The polyisocyanate component is
It contains an isocyanate group-terminated prepolymer, which is a reaction product of diphenylmethane diisocyanate and a polyol, and unreacted diphenylmethane diisocyanate.
The polyol component is
Contains a polyester polyol with a number average molecular weight of 1000 or less,
The amount of unreacted diphenylmethane diisocyanate is 20 parts by mass or more and 30 parts by mass or less with respect to 100 parts by mass of the two-component curing type solventless adhesive.
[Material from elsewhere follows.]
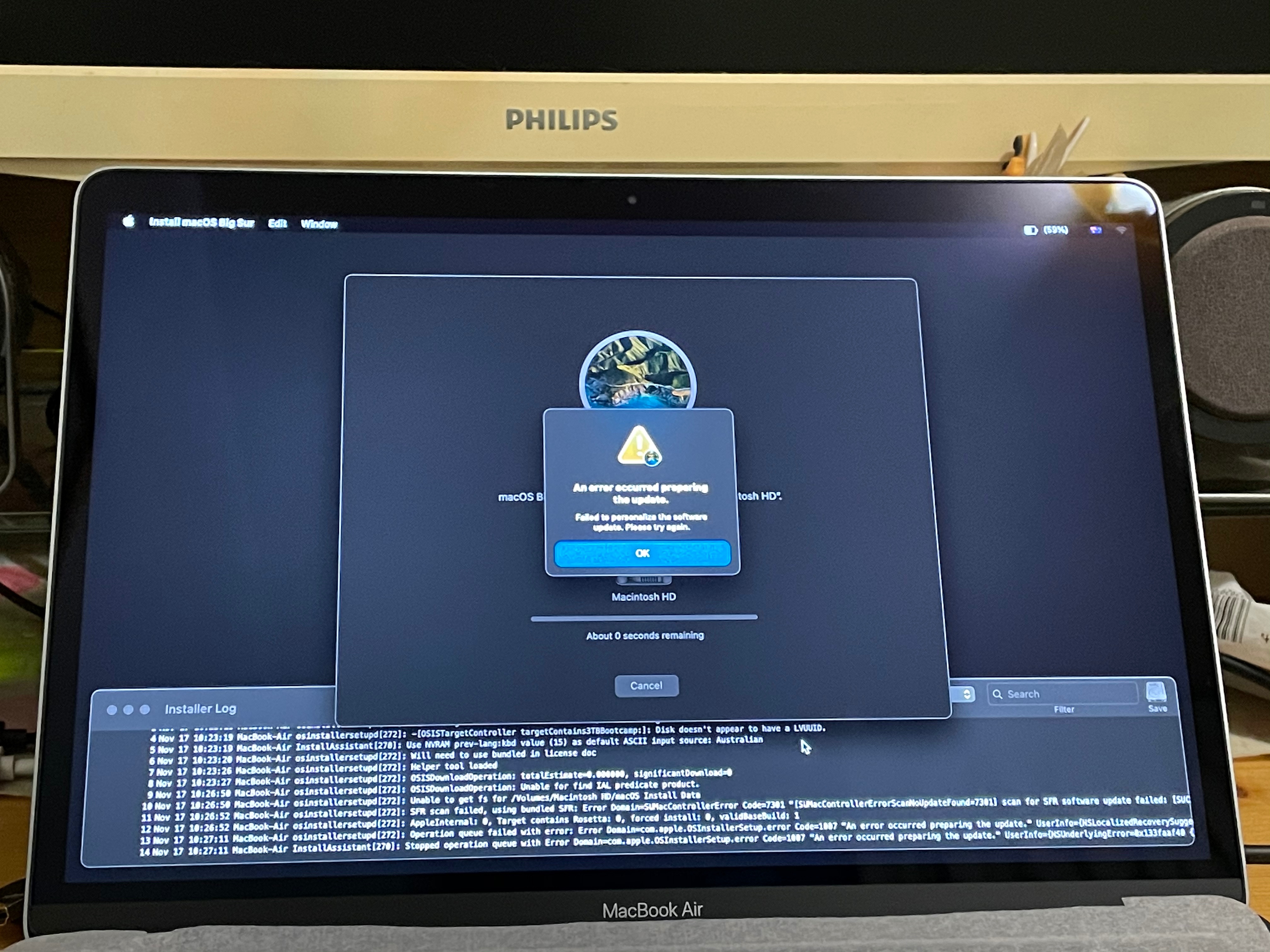 Tried to install to local ssd and external drive, but still got this message: failed to personalize the software update

A two-component curable solvent-free adhesive containing 0.003 parts by mass or more and 0.030 parts by mass or less of phosphoric acid with respect to 100 parts by mass of the total amount of the two-component curable solvent-free adhesive. adhesive. The first aspect of claim 1, wherein the silane coupling agent is contained in an amount of 0.2 parts by mass or more and 5.0 parts by mass or less with respect to 100 parts by mass of the total amount of the two-component curable solvent-free adhesive. Two-component curable solvent-free adhesive. The two-component curable solvent-free adhesive according to claim 1, wherein the polyol component contains a trihydric or higher alcohol. A laminated film comprising an adhesive layer made of the two-component curable solvent-free adhesive according to any one of claims 1 to 3.